海外の女性は日本の女性と違い、タブーと言われる場所に対しても割とおおらかなようです。
ある高齢の女性が語ったまんこの思い出は、好きな人との初デートでのこと。
キスをした時に大コーフンしてまんこがびしょびしょになり、車のシートを汚してしまい彼に振られてしまいます。

「助手席のシートがサワークリームみたいな匂いになってしまったの!」

切ない失恋話なのに、木内みどりさんの悲壮な叫びがおかしみを誘うまんこエピソードでした。
また、ある女性はセックスの最中に自分が発する喘ぎ声に怯えられ、男性とのセックスを楽しめなくなったけれど、代わりに女性に奉仕することに目覚め、たくさんの女性たちに性の快楽を与える仕事に生きがいを見出した経緯を語ります。
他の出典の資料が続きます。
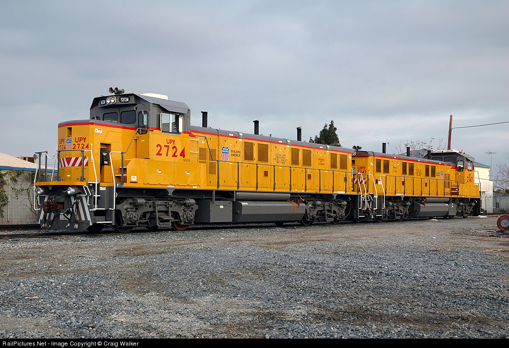 A pair of Union Pacific 3GS21B locomotives, numbers 2724 and 2747, rest at the West Anaheim Yard after operating down to Huntington Beach earlier in the day. These locomotives were both built by National Railway Equipment Company of Mount Vernon, IL, in May and July of 2007.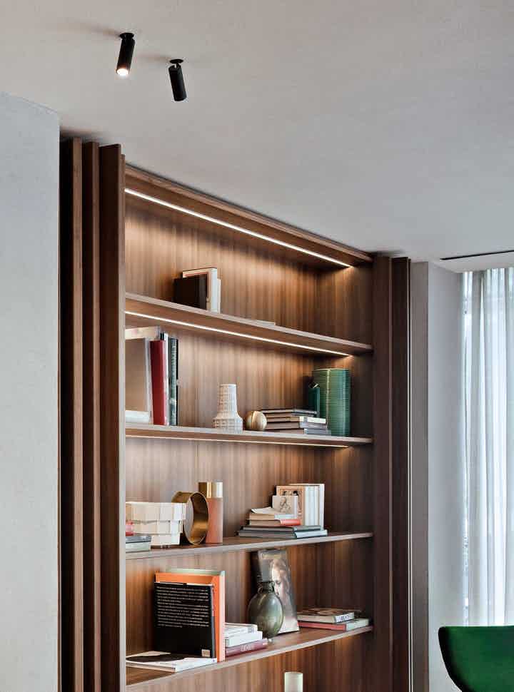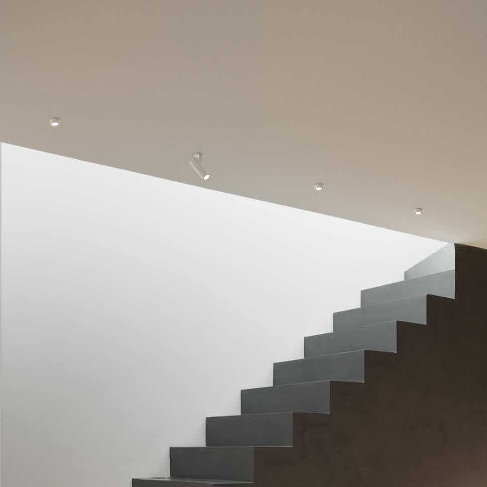 Interior lighting spotlight with LED light source. Available in three versions: Mono Point version, consisting of a removable cylindrical housing which, in its upper position, acts as a downlight, and in its lower position, becomes a directional spotlight, Double Point version, consisting of a recessed box which houses two spotlights and a Suspension version.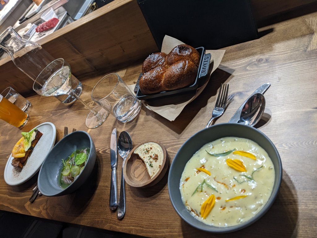 The following morning I caught up with a good friend, Karen, who was nearby visiting her mom, then we headed down the Pot Parkway to Portland. Our hotel, the Inn at St. John, was somewhat dated but cheap compared to the newer hotels in town charging NYC prices. In Portland? Weird, although Portland was much larger than expected. It is a working seaport with an edgy vibe. We walked the entire length of the city to visit a few breweries and check out the wharfs and the cobblestone streets full of bars, boutiques, and no surprise, head-shops and dispensaries. Remarkably, I snagged reservations at Twelve for a late dinner. Twelve is listed in the NYT as one of the top 50 up and coming restaurants in the country. We were seated at the Chef’s table overlooking the kitchen. It was fascinating to watch them cook with exquisite perfection and then have them serve us immediately after. Farro saboyon, mackerel crudo, monkfish with trout roe, NY strip steak! The food was divine. Thankfully we saved money on the hotel to pay for this treat.https://www.nytimes.com/interactive/2022/dining/best-restaurants-list-america.html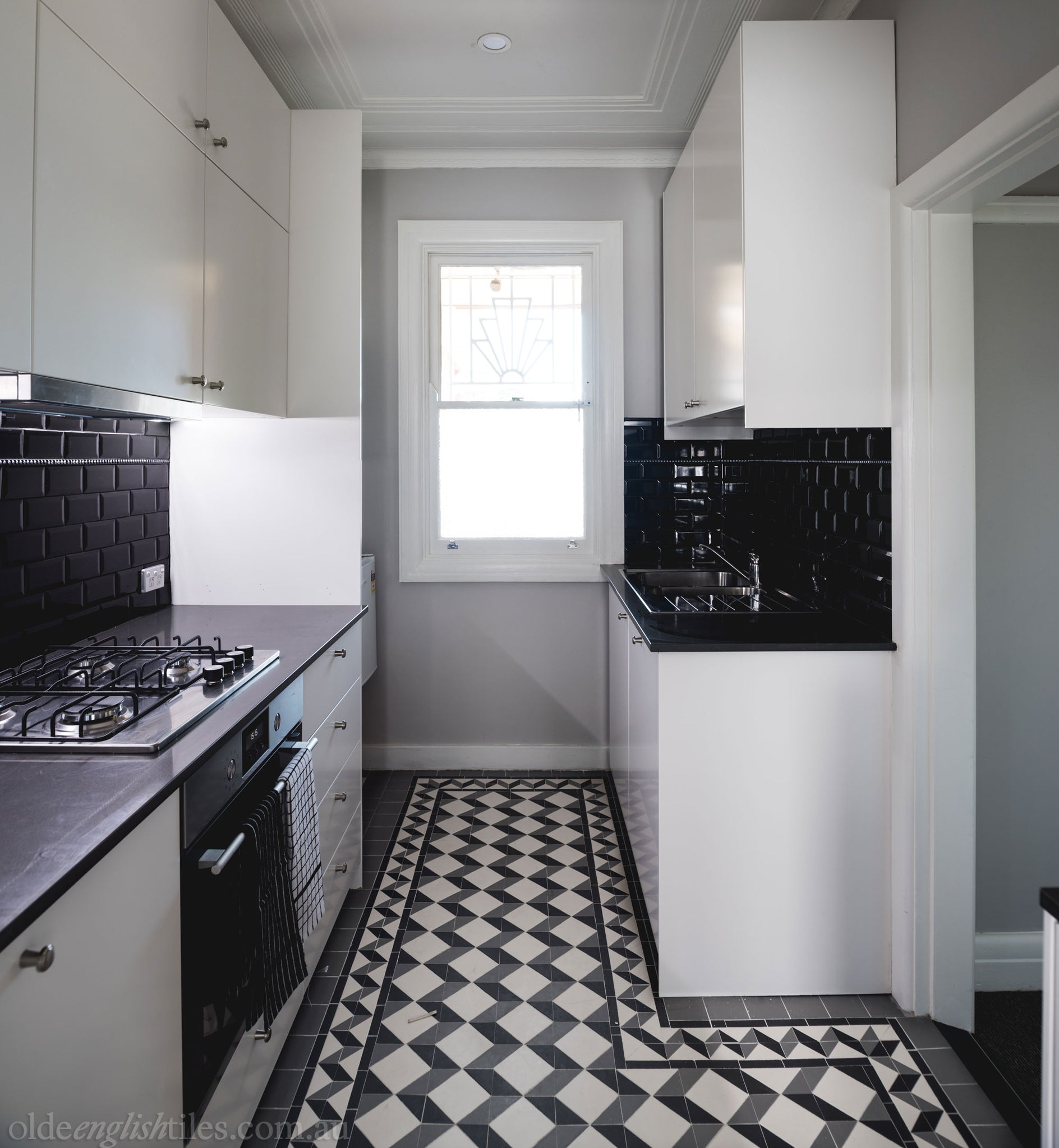 The Killara tile and Bristol border make for an eye-catching kitchen floor in this sophisticated Art Deco apartment. The bevelled edge wall tiles offer a sleek finish to a kitchen splashback.

「その仕事を通してわたしは女がイク時の『喘ぎ声』にもたくさん種類があることを知ったわ」

そう言う彼女がモノマネするさまざまな「喘ぎ声」を、女優のともさと衣さんが熱演で披露し、会場は大笑いの渦でした。
また、イヴさんはインタビューの中で200人の女性たちに「もしもまんこにまとわせるなら、何を着せたい?」という面白い質問をしています。
それについての回答が、
「ミンクの毛皮」
「白いワンピース」
「ネイル」
「ハイヒールを履かせたい」
「スポーツキャップを真後ろにかぶってローラースケートするの」etc

海外の人はみんなまんこにハッピーな感じ。
実はまんこに何を着せたいかと問われても、わたしはピンと来ませんでした。
そのくらい無意識において「可愛く装うなんてとんでもない、卑下すべき場所」だったのかもしれません。
悔しいので、わたしは機動戦士のように超合金にして、まんこをトランスフォームさせようと思いました。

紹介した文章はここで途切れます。